Wednesday, April 12, 2006

New Girl in the Neighborhood

After about 3 years, the neighbors I told you about in my last post moved away. Neighbors with “children” didn’t move into that place until I was in 8th Grade. They had a girl, one year younger than me. I was so happy then to have a girl friend that lived close by. We became very close; we spent a lot of time at each others houses. My Mother never minded my friendship with her, maybe because I was older by then. Her name was Dottie and she had come from the “city”, we thought in those days, the “big city”, but it was actually only the small town of Hanover, (but it was still bigger than our nearby East Berlin!). The school in Hanover was very much larger than our school and this was a real adjustment for Dottie. I also found out from her that in their school what “clothes” you wore, meant a lot. It was then, in Hanover, like it is at most schools today. Our little rural high school did not buy into these thoughts, I think because we were all from rural area and farms, and none of our parents had money, nor would allow such thinking! There were only about 4 girls in our class that dressed with the up to date fashions, and the rest of us didn’t let them intimate
us “too much”, we just figured that their parents “had money”. We accepted that our parents did not have money, and we didn’t press them for material things, like the kids of today do. We parents of today have allowed our children to press us. I’m sure it’s because we want to give our children what we didn’t have. I don’t know though, that we have done them any favors, by allowing them to fall into the materialist world of today.

In those days, girls were not really allowed to talk on the telephone in the evenings to their girl friends from school. Our parents would not drive us back and forth to each other’s houses, so your friends you had in school, you only saw them during school. Maybe once during the school year, if you were lucky, you could talk your Mother into letting a school friend come home from school with you on the bus and stay overnight.
That was always fun, but it didn’t happen often. Again, this is probably why, when we had children, we made sure they could get together with their friends away from school, we drove them around town and let them have their sleepovers!
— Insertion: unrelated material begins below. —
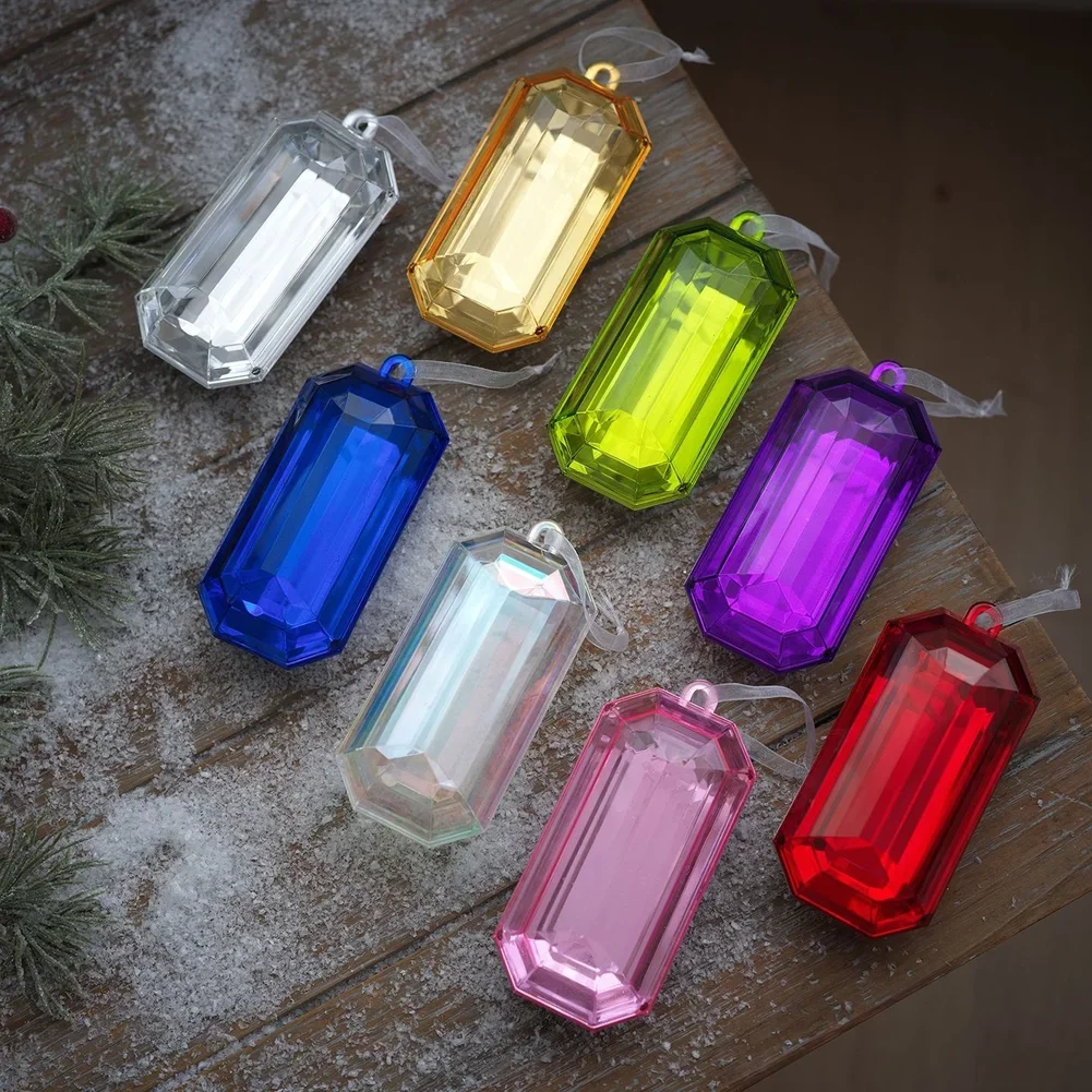This colorful gemstone ornament adds a sparkling touch to your holiday decorations. The square gemstone pendant design gives it a unique and elegant look. Its vibrant colors reflect beautifully under Christmas tree lights. Made from durable plastic, it is lightweight and easy to hang. The ornament works well on trees, wreaths, or garlands. It brings a cheerful festive charm to any holiday setup. The smooth finish helps it stand out among your seasonal décor. It is ideal for home, office, or party decorations. The sturdy structure ensures it can be reused each year. This ornament offers a simple way to enhance your Christmas display.

You can see why it was especially good to have Dottie down the road. We could walk to each others houses and spend time together. We rode school bus together, went to school dances, took long walks at the farm and talked teenage girl talk. It was good to have a confidant. Many times, Dottie would lend me something from her closet for me to wear to the school dances. I always appreciated that, as I felt her wardrobe was so much better than mine! Dottie taught me a lot about clothing, make up, hair and all the teen stuff!

Mom appreciated Dottie’s Mother being able to drive one way to the school, so she didn’t have to drive us both ways to the school for dances, etc. Our high school was a good 8 -10 miles from our farm. Mom willingly let me get my driver’s license when I was 16, so she wouldn’t have to, as she put it “haul me” to school events.

Dottie and I remained close friends through our junior and senior years. She married a local boy, they were high school sweethearts, and stayed in the area. Dottie and I still get together when I get home and we reminisce about our high school years and the fun and friendship we had.